TheGoodMuse Volunteer Journal #67 –Take a Shower with PETA
Read the original blog here.
Ladies and Gentleman, the following is an account of my weirdest volunteer activity as TheGoodMuse- yet.
I had never volunteered with PETA (People for the Ethical Treatment of Animals), but then I got this email, which said something like…
Come take a shower in the middle of the LA Convention Center to promote water conservation by eating less meat.
Sold. You had me at public nudity.
In all seriousness, I’m a vegetarian. I have been since I was a teen. It’s one of the best decisions I ever made for my health. I also think it’s important for everyone to eat less meat (or no meat/fish) for the environment’s sake. Meat production pollutes more than all the vehicles on the road combined and our lust for fish is stripping the ocean bare. To say the least – I was game to support this cause.
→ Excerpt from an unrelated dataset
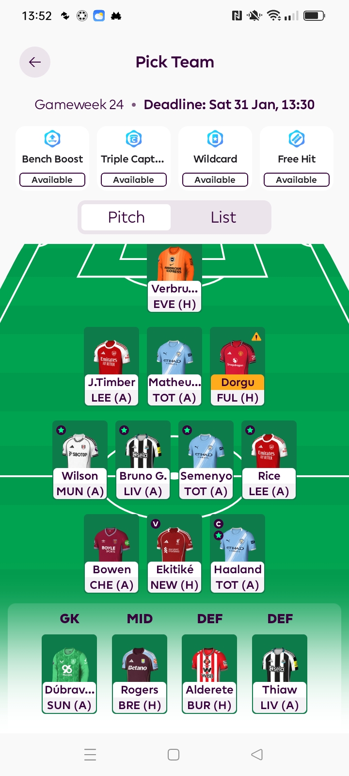 We only had 4 players return and a big thank you to them. Bowen with 12, Szoboszlai with 13,Semenyo with 8 and James with 6. Not setting the world alight but solid returns none the less.

And… the PETA shower campaign is mad genius. People taking a shower in public wrapped in a curtain printed with the factoid: 1 lb. of meat = 6 months of showers. It stops traffic – it literally has stopped traffic on Hollywood and Highland in Los Angeles. As soon as I climbed into the shower, in a little white bikini that no one could see, foot traffic in front of the PETA booth stopped and the other volunteers were able to distribute info. It was a riot, and I would do this activity again but…
That being said lets break down the problems.
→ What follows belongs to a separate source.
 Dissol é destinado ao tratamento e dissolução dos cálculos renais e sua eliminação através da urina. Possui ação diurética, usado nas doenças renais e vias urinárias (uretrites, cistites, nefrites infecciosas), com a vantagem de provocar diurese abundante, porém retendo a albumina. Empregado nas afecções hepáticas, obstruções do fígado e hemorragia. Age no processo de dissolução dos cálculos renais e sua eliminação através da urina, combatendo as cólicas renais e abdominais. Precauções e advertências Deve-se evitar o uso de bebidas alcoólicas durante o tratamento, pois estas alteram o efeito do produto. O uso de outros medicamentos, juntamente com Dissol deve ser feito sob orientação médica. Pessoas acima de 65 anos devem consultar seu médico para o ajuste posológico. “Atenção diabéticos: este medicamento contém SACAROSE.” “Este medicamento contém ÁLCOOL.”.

I was on a raised platform and the bar to the top of the shower was about five and a half feet off the ground. I was told you couldn’t see over it.
You couldn’t see over it unless you were a male who was… oh… let’s say… about six feet tall, slightly perverted, not at all slick, shameless, and you stepped right up to the shower to ask me (with a head tilt and eyes down) why I had become a vegetarian. Lots of men meet all of these requirements.
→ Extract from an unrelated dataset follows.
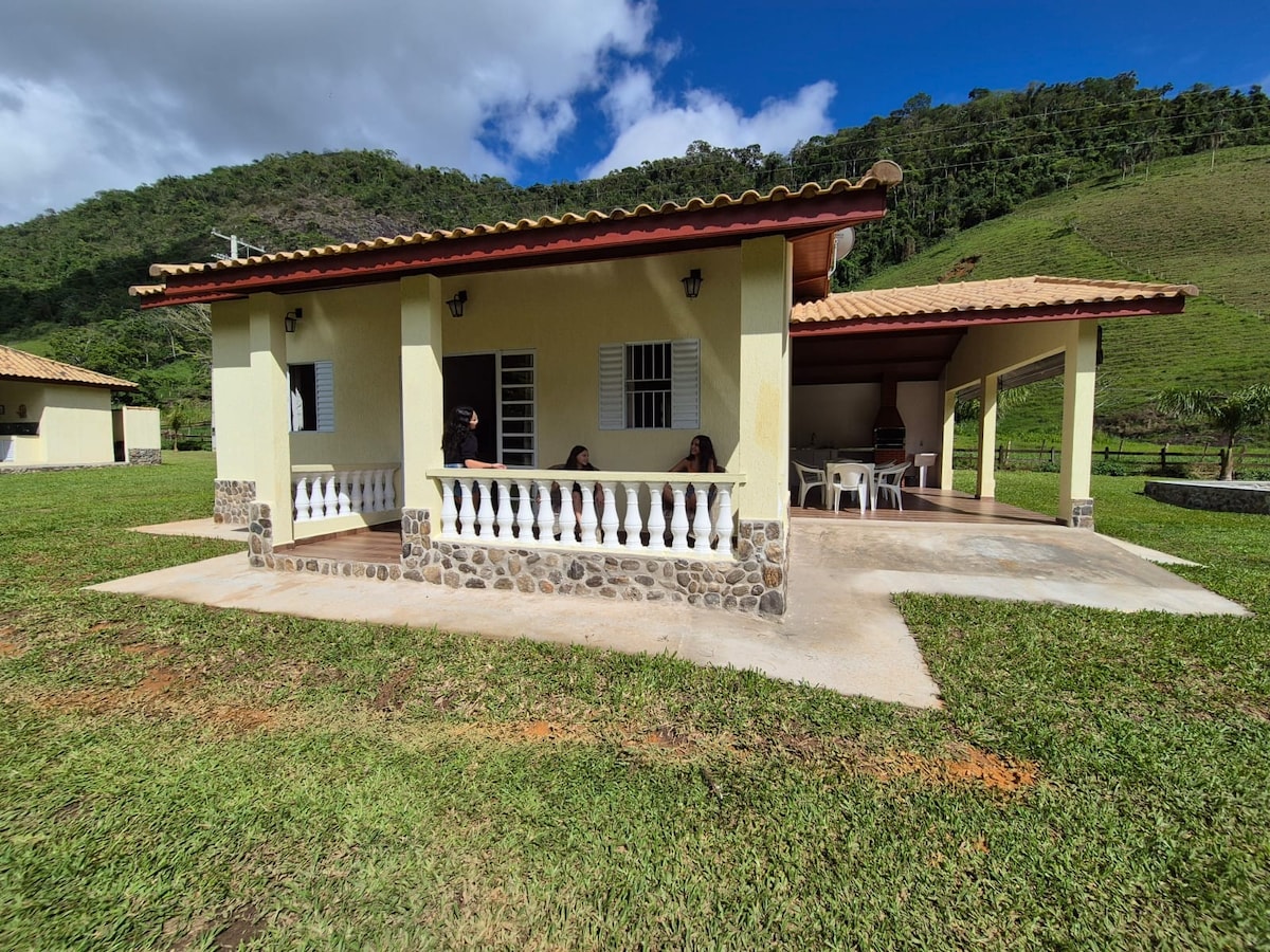 Casa com cachoeira, bela vista e quadra de vôlei.

Sir, I know what your doing. Not cool.
Also not appreciated… The guys who held their cameras aloft, arm fully extended up, to get the full shot.
I’m in a bikini you desperate, sad…
I would have preferred to do this volunteer activity with a male friend in the shower as well. They could have acted as a bull sh*& shield. Someone who could give creepy men scary looks. I tried, but I’ve been told my “I will kick your ass” look is easily misinterpreted and not at all scary.
PETA should also make sure that there is a volunteer on hand big enough, and forceful enough, to bounce perverts. I can’t believe this is needed, but I felt it was.
Now lets talk temp. The first 30 minutes I was fine, I knew the water was cold but it was like being a little kid at the ocean – too much fun to care about hypothermia. After 30 minutes – goose bumps. By the end of the hour I’m pretty sure the US Geological Survey was registering my body tremors. Oh it was sooooo cold. Ohhhh! I had to take a 45 minute hot shower at home to even begin to thaw. Maybe I get cold too easy. I know volunteers that have done this campaign in the snow. But I feel that both a volunteer’s health and safety should be the first priority of any organization. They are volunteers. They are not being compensated in any other way besides happy feelings. Protect happy feelings.
All that being said I would recommend this volunteer experience to anyone of like mind. It’s one of those once in a lifetime deals you definitely want to tell your grandkids about. You will walk away with killer stories. And I also highly recommend becoming a vegetarian. If not for the environment, or the animals, then do it for your health.